Banned book lesson thrusts Oklahoma teacher into campaign
Ginger Baker, a teacher at Oak Creek High School, wants to do a better job of telling her students about literature when they get to high school.
Ginger Baker, a teacher at Oak Creek High School, wants to do a better job of telling her students about literature when they get to high school.
Photo: James Nielsen, Special To The Chronicle Photo: James Nielsen, Special To The Chronicle Image 1 of / 1 Caption Close Banned book lesson thrusts Oklahoma teacher into campaign: 1 / 1 Back to Gallery
The yearning to tell the rest of what she sees through a series of books, about the power of love and the promise of friendship, is an abiding theme in Ginger Baker’s new book, “Letters From My Brother,” by the same title.
“But it wasn’t until I sat in the ‘Forrest Gump’ class at Oak Creek that I decided to write and read my own ‘Forrest Gump,’ ” she said. “It was the kind of class I couldn’t really take to myself, so I would read it in front of the teacher. It was like I felt the words that he spoke.”
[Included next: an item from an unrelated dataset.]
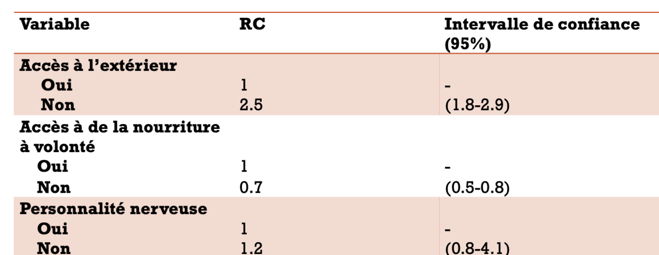 § Accès à de la nourriture à volonté: Biais de désirabilité sociale possible, surreprésenté chez les propriétaires d’animaux obèses. Biais de mauvaise classification possible.
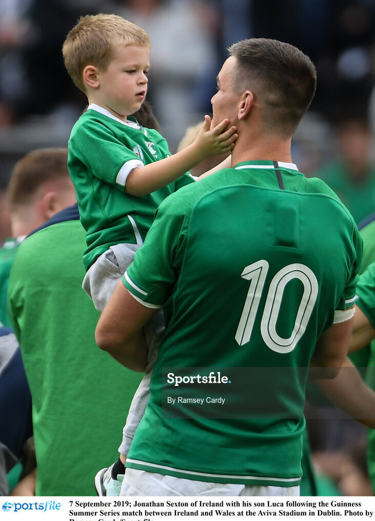 7 September 2019; Jonathan Sexton of Ireland with his son Luca following the Guinness Summer Series match between Ireland and Wales at the Aviva Stadium in Dublin. Photo by Ramsey Cardy/Sportsfile

Her reading of the book prompted her to write her own.
Baker is teaching at Oak Creek High School where she has the largest class size of any in the state at 17.
The teacher’s passion to teach began when her younger sister was a student at the junior high school.
Baker, who had been teaching for 15 years, wanted the young students to understand the power of love.
“I remember her coming in and telling me this little story about a teacher who had died and the students crying because they didn’t know what to do with the class. I thought if they just read the story to the class, they would understand that person could have died and the students still mourned and understood that teachers are important,” she said.